Mayor DeBlasio and a growing number of upper-income New Yorkers recognize that universal pre-K is one of the best investments we can make in our future.  Each $1 invested in pre-K results in $17 of future savings in public spending on special education, social programs and incarceration.  By imposing a modest half percent tax on NYC income above $500,000, the City can guarantee a steady stream of pre-K funding and close the achievement gap between upper- and lower-income kids.  All that potentially stands in the way is approval of the Mayor's plan by the New York State governor and legislature in Albany.

Do you have New York City income of over $500,000?  If so, we hope you will sign this letter to Gov. Cuomo and the legislature in support of Mayor DeBlasio's universal pre-K proposal.  If you don't have that level of income, you can still sign below in support of the letter.

The letter:

Dear Governor Cuomo and Legislative Leaders:

We are upper-income New York City residents who support Mayor Bill de Blasio’s plan to raise a small tax on the wealthiest among us to fund an expansion of early childhood education and after-school programs. We believe this plan is a sound investment in the long-term economic success of our city.

This tax is not only fair, but is necessary to create the level of dedicated funding required to make a real commitment to expanding high-quality Pre-K programs and reach more children. New York State first committed to the goal of universal pre-k in the late 1990s, but without adequate funding, there has not been enough progress on making programs truly universal, and pre-k funds have been subject to cutbacks in bad economic times.

The return on investment in high-quality pre-kindergarten and after-school programs is unparalleled; a 2010 report from the United States Chamber of Commerce’s Institute for a Competitive Workforce found a savings of up to $17 for every $1 invested in pre-k. Ensuring that children are prepared to start school and succeed once they get there not only improves their chances of attending college and earning higher wages, but reduces the need for future spending on special education, incarceration, and public benefits. This benefits us all.

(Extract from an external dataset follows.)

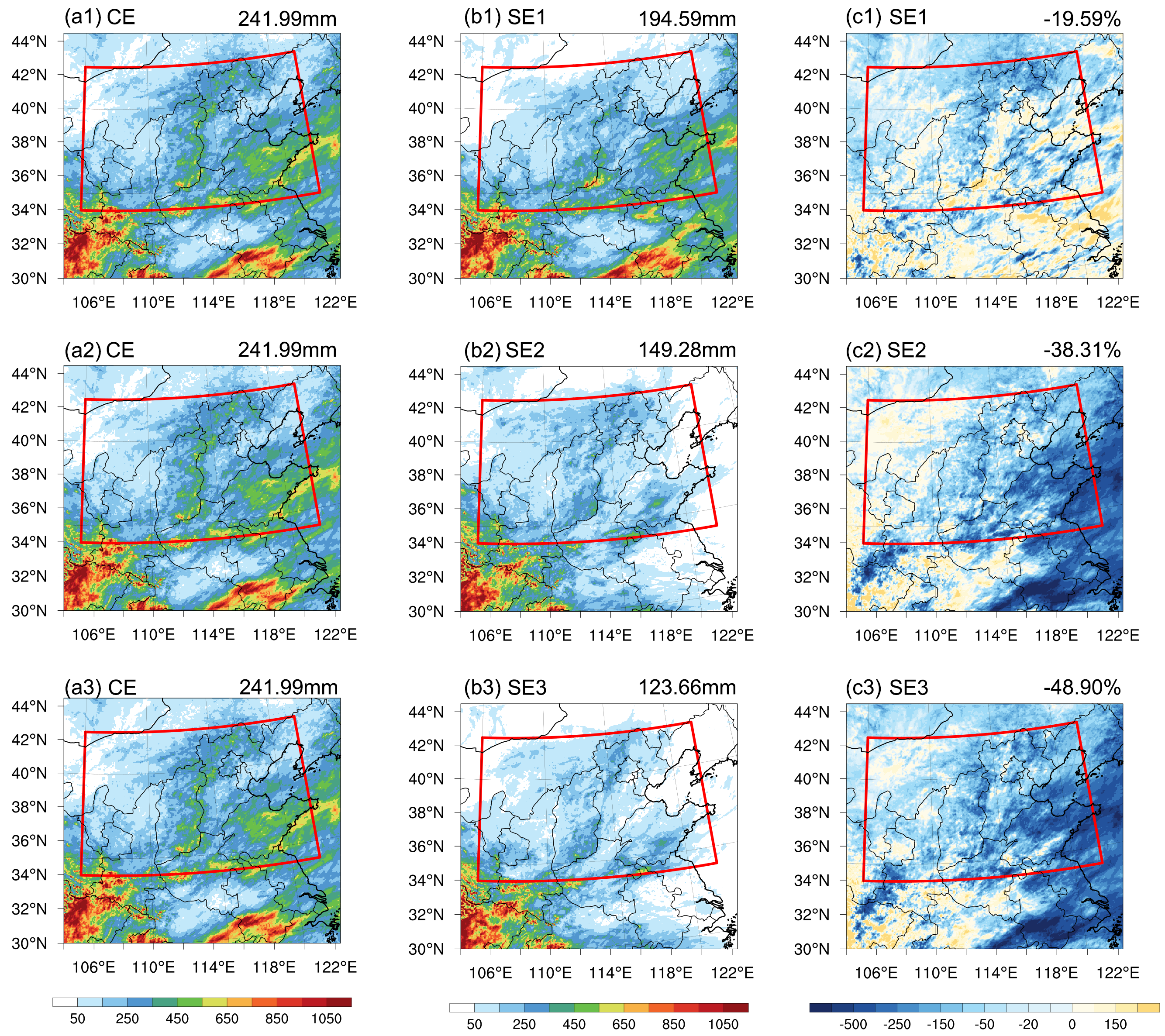 2. 左列为正常模拟得到的降水;中间列为不同敏感性试验得到的降水,其中SE1为西风水汽输送减半、SE2为东亚季风水汽输送减半、SE3为西风和东亚季风水汽输送同时减半;右列为正常模拟与敏感性试验之间的降水差值。

Investing in pre-k and after-school programs is a benefit to all residents of New York City, and more than makes up for the costs. With a modest half-percent tax on those making more than $500,000 per year, we can make huge strides toward leveling the playing field for children by closing the achievement gap between low-income students and their higher-income peers.

We firmly believe Mayor de Blasio’s plan is the best way to ensure economic prosperity for our city, both now and in the future. We are willing to do our part, and hope you will do yours. We respectfully urge you to support this fiscally sound plan, to ensure that the investment we make in our children has a solid and long-term foundation.